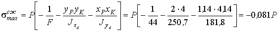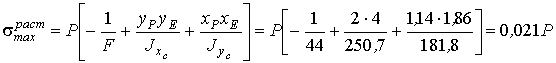 х Р , у Р – координаты точки приложения силы Р (точки А ) относительно центральных осей х Р = -1,14 см, у Р = 2 см.
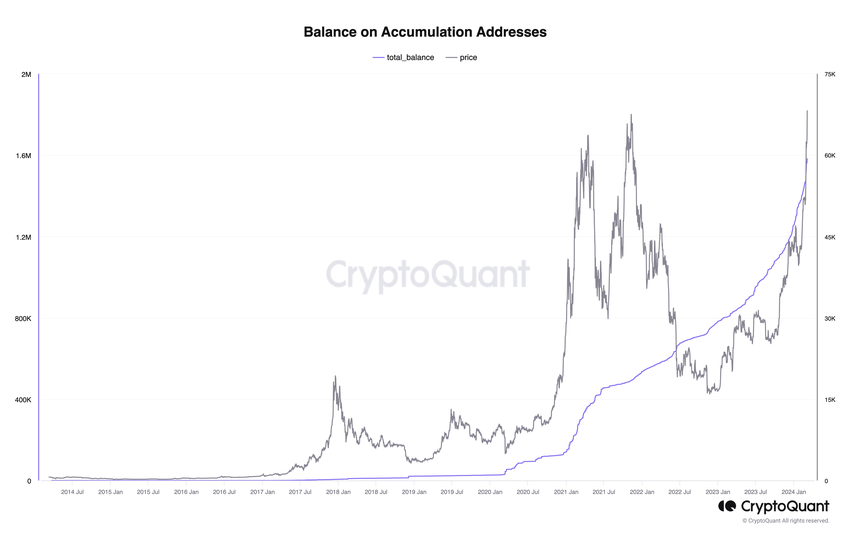 “Całkowite zasoby Bitcoina w adresach akumulacyjnych również osiągnęły rekordowe poziomy. Łączny stan posiadania na tych adresach wynosi obecnie 1,5 mln BTC. Adresy te oznaczają inwestorów, którzy tylko gromadzą Bitcoiny i nigdy ich nie sprzedają, więc przyspieszający wzrost ich zasobów Bitcoinów jest oznaką silnego popytu.”
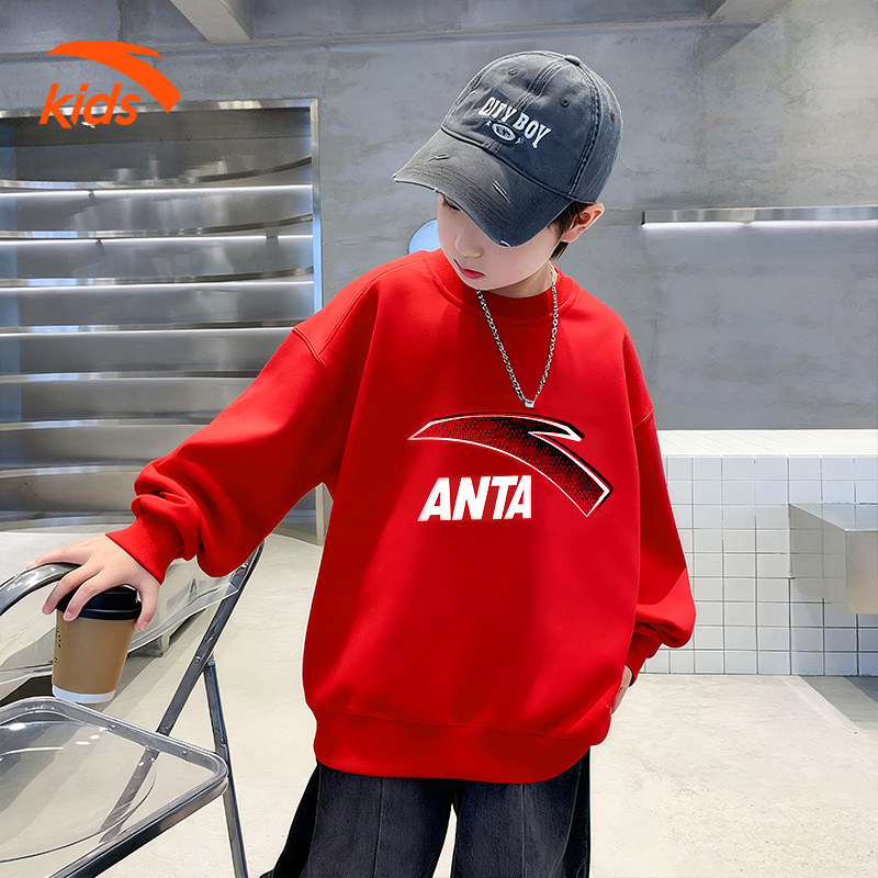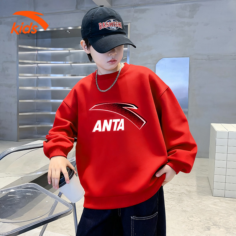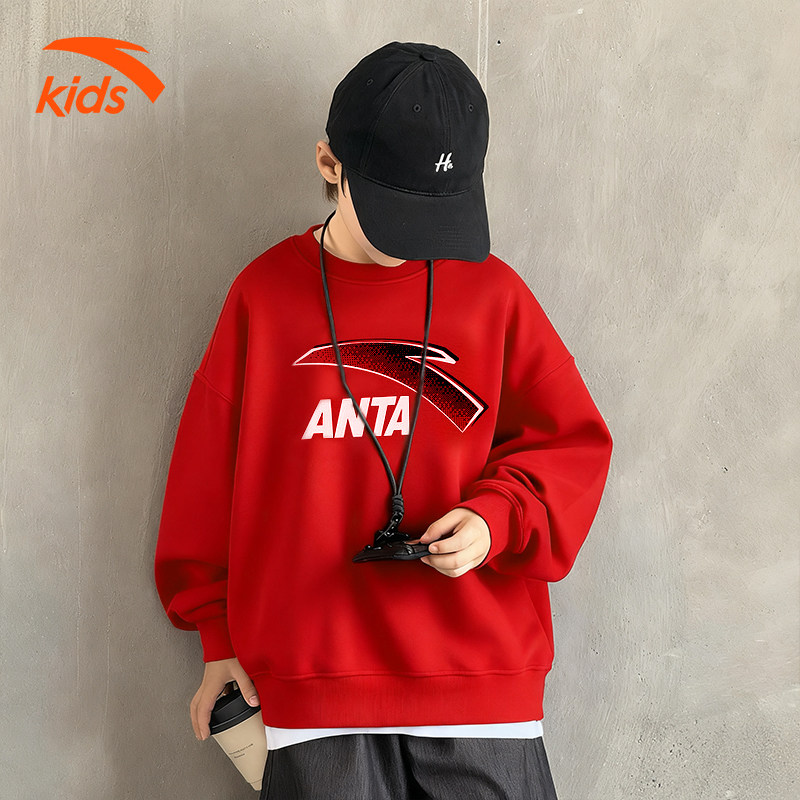 安踏儿童卫衣2026红色新年童装男童春装潮流时尚宽松加绒休闲上衣
== == ==
**What you will do:**
Copy the material shown above in full and exactly. Skip the pictures.

**Solution to the problem:**
 х Р , у Р – координаты точки приложения силы Р (точки А ) относительно центральных осей х Р = -1,14 см, у Р = 2 см.
 “Całkowite zasoby Bitcoina w adresach akumulacyjnych również osiągnęły rekordowe poziomy. Łączny stan posiadania na tych adresach wynosi obecnie 1,5 mln BTC. Adresy te oznaczają inwestorów, którzy tylko gromadzą Bitcoiny i nigdy ich nie sprzedają, więc przyspieszający wzrost ich zasobów Bitcoinów jest oznaką silnego popytu.”
 安踏儿童卫衣2026红色新年童装男童春装潮流时尚宽松加绒休闲上衣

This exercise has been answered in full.